FIG. 1 shows DEAE-Seph of a crude purified solution containing the enzyme of the present invention.
It is a graph which shows the elution progress in the column chromatography using acel. 2 and 3 show TSK-Gel G of the enzyme of the present invention.
It is a graph which shows the result of molecular weight measurement in the high performance liquid chromatography which used 3000SW and Sephacryl S500 molecular sieve. Figure 4 shows the results of SDS-PAGE of this enzyme. FIG. 5 is a graph showing the temperature characteristics of the enzyme of the present invention. FIG. 6 is a graph showing pH characteristics of the enzyme of the present invention.

Claims (7)

[Claims] 1. The following properties: 0.1-0.6 M NaCl adsorbed on DEAE cellulose or DEAE dextran that specifically cleaves the C-terminal side of Leu of the amino acid sequence Leu-Lys ... existing in the peptide chain. The molecular weight estimated by molecular sieving chromatography using silica gel resin is about 100,000, and the molecular weight estimated by molecular sieving chromatography using Cefacrylic resin is about 750,000. Composed of subunits of about 55 kilodaltons and about 63 kilodaltons, optimum pH of action is 3 to 4.5, optimum temperature of action is 35 ° C to 42 ° C, 2 × 10 ^-4 molar concentration of monoiodoacetic acid, Phenylmethyl sulfonyl fluoride (PMSF), P-chloro-mercury benzoic acid (PCMB), diisopropyl fluorophosphate (DFP), 1 × 10 ^-3 molar toshi L-L-lysine chloromethyl ketone (TLCK), EDTA,
A peptidase secreted from yeast, which is characterized in that the enzyme activity is not inhibited by leupeptin at a concentration of 1 × 10 ⁻⁴ molar and pepstatin at a concentration of 1 × 10 ⁻⁵ . 2. A yeast α-factor, Trp-His-Tr.

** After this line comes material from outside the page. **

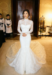Miliardarul american a purtat un smoking negru cu papion, în timp ce mireasa Lauren a purtat o rochie sirenă concepută de Dolce & Gabbana, ”cu gât înalt, finisată cu 180 de nasturi acoperiţi cu şifon de mătase şi un voal din tul şi dantelă, inspirat de cel purtat de Sophia Loren în filmul Houseboat din 1958”. La această rochie a asortat un voal alb clasic.

p-Leu-Gln-Leu-Lys-Pro-Gly-Gln-Pro-Met-Ty
Acting on r, Trp-His-Trp-Leu-Gln-Leu and Lys
A peptidase according to claim 1, which provides -Pro-Gly-Gln-Pro-Met-Tyr. 3. The peptidase according to claim 1, wherein the yeast is Saccharomyces yeast. 4. Saccharomyces yeasts are immobilized on an immobilizing carrier at a high density and cultivated, and the peptidase is recovered from the culture supernatant. The following properties are present in peptide chains: Leu-Lys ... The specific molecular weight estimated by molecular sieving chromatography using silica gel-based resin, which is adsorbed to DEAE cellulose or DEAE dextran and eluted with 0.1-0.6 M NaCl, which specifically cleaves the C-terminal side of Leu in the amino acid sequence 100,000, and the estimated molecular weight by molecular sieve chromatography using Cefacrylic resin is about 750,000. By SDS / PAGE, it is composed of subunits of about 55 and 63 kilodaltons. is 3-4.5, is 35 ° C. through 42 ° C. effect optimum temperature, 2 × 10 ^-4 molar concentration of monoiodoacetic acid, phenylalanine methyl sulfonyl fluoride (PMSF), P- Lolo - Mercury benzoic acid (PCMB), diisopropylfluorophosphate phosphine benzoate (DFP), 1 × 10 ^-3 molar concentration of tosyl -L- lysine chloromethyl ketone (TLCK), EDTA,
1. A method for producing a peptidase secreted from yeast, which comprises not inhibiting enzyme activity with leupeptin at a concentration of 1 × 10 ⁻⁴ mol and pepstatin at a concentration of 1 × 10 ⁻⁵ . 5. The method according to claim 4, wherein the immobilized carrier is a hydrophilic photocrosslinkable resin. 6. The method according to claim 4, wherein yeast is immobilized at a density of 1 to 2 g per 1 g of the immobilized carrier. 7. The method according to claim 4, wherein the culture supernatant is purified using a DEAE cellulose or dextran carrier and a molecular sieve carrier.